7 Link Building Techniques to Avoid

Quality SEO Services engage in a solid linking strategy that appeases search engine spiders and avoids the threat of a client’s site being blacklisted or banned for impropriety. Not just black hat tactics, but amateurish mistakes also, can result in less than desirable penalties. Google has a very time consuming reconsideration process. Here are seven link building techniques that should be avoided like the plague.

1. Rapid backlink generation

Generating links at a breakneck pace rouses Googlebot’s suspicions because it looks unnatural. Build links at a slower, more natural pace to satisfy Googlebot and other spiders. If using a paid service to generate backlinks, keep tabs on the progress and make sure link count doesn’t leap from a hundred per week or month to a couple thousand in the same time frame. A slow and steady pace wins the race.

2. Using IBLNs

This is considered a black hat tactic. Independent Backlink Networks are not only costly, but Google staff are constantly on the lookout for IBLN users. When Google discovers sites that are part of an Independent Backlink Network, the entire network using it tends to gets blacklisted or banned. Matt Cutts or another influential person may also write a post about that network’s members. IBLNs are expensive, and the network members could be publicly exposed.

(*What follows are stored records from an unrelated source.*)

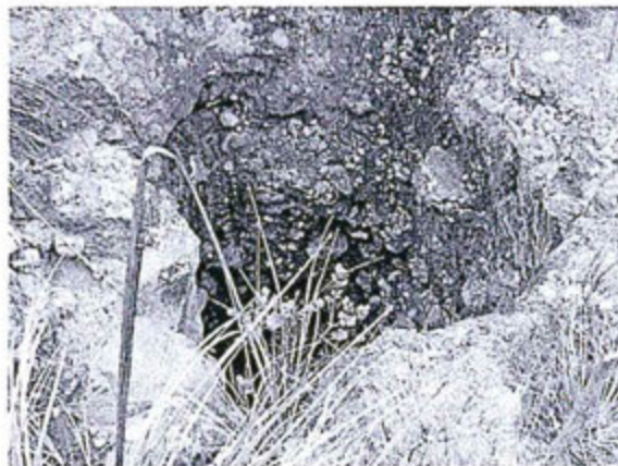
Fotografía N° 10 - Abertura superficial de la chimenea que es un peligro por no tener ninguna medida de protección en resguardo de personas y animales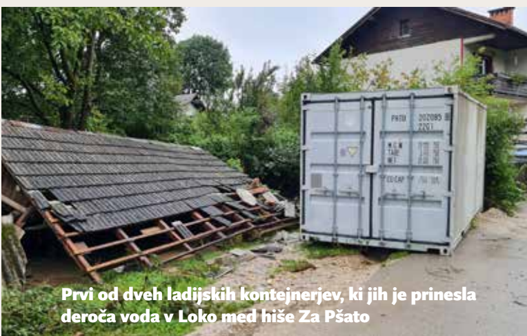
Prvi od dveh ladijskih kontejnerjev, ki jih je prinesla deroča voda v Loko med hiše Za Pšato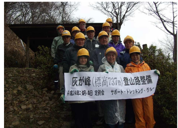
路傍休憩所の石段にて

灰ヶ峰(標高737m)登山路整備 平成24年3月4日 定例会 サポート・トレッキンググループ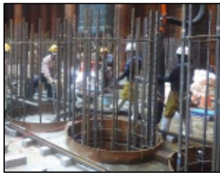
中詰コンクリート 打設 平成30年10月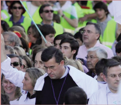
El presidente sostuvo la pancarta que encabezaba la marcha.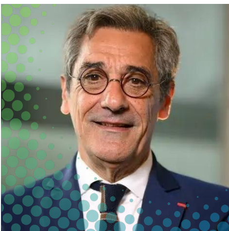
Serge PAPIN* Ministre des PME, du Commerce, de l'Artisanat, du tourisme et du Pouvoir d'achat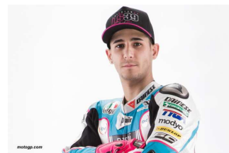
1991 / 2016

AMP MAG présente ses condoléances les plus sincères à sa famille et à ses amis.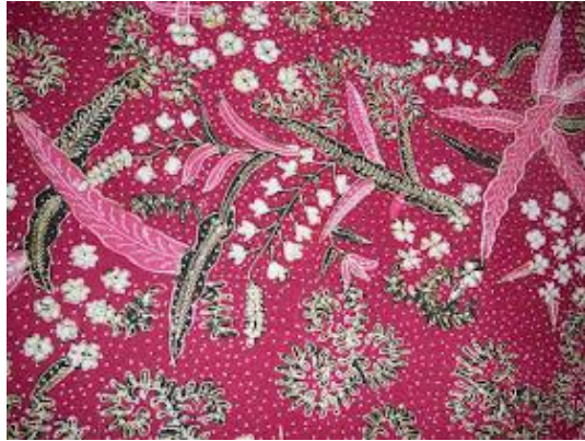
Lampiran 1. 7 Motif Batik Jetis Kembang Tebu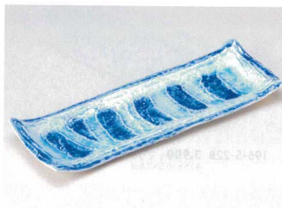
195-5-23B 5,000 円 マリンブルーガタ彫大長皿 16入 46.5×16.5×3.8cm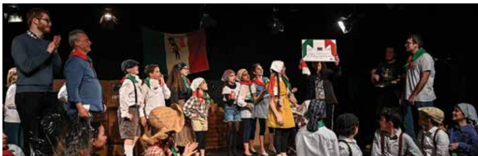
La Resistenza raccontata dai bambini: un commovente spettacolo costruito dagli alunni della 5°C delle Bertolini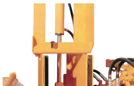
Un vérin hydraulique exerce une pression de 800 kg sur le rouleau supérieur d'alimentation.

3. Redundantly using keywords in anchor text

Do not use your keywords for each instance of anchor text on a page; spiders pick up on that. It is far safer to use other words for the majority of links. A site about horses, for instance, should have anchor text containing equestrian-related words and keyword synonyms, instead of the keywords themselves.

4. Low quality links

This is one of those phrases that seems to mean little, but can make a noticeable difference. Sites with a thousand links that Google considers low quality do not rank as favorably as sites with 500 links Google deems high quality. The total number of links is important, without question, but some low quality links that are here today will be gone tomorrow. Higher quality links have a better chance of remaining accessible for longer stretches of time.

5. Using site wide linking

Site wide links are promoted as a viable option and readily available, even though as early as late 2010 Google rendered them basically worthless. Google ranks site wide links, no matter how many there are, as one link. Because of this, they aren’t really useful anymore.

6. Site scraping and content repackaging

Scraping sites for their content and using software to slightly alter that content via synonyms and sentence restructuring is another futile attempt at tricking search engine spiders. It no longer passes the smell test and produces a bad result. Googlebot is coded to understand when it encounters slightly rehashed content. Steven Baker, a software developer at Google, states that Google’s web search ranking team spent over five years building a “synonyms system.”

7. Phishing

Making a page look identical to a well-known page for the purposes of stealing personal information? The FBI agrees, there are better ways to generate revenue than “electronic social engineering” to get someone’s information. Offer a product, service, or provide an experience people want, and they will be more likely to give up some of their information.

Google tells webmasters it is a bad idea to pay for links. Sites that build links over time are doing so naturally, and by the book, regardless of whether those links were gained freely or paid for. IBLNs are expensive and risky to consider, unless one has cash to spare on an endeavor that ends badly if Google catches on. Avoiding the use of the other five link building techniques above will keep Googlebot happy. Keeping spiders happy makes life a little easier for hardworking webmasters.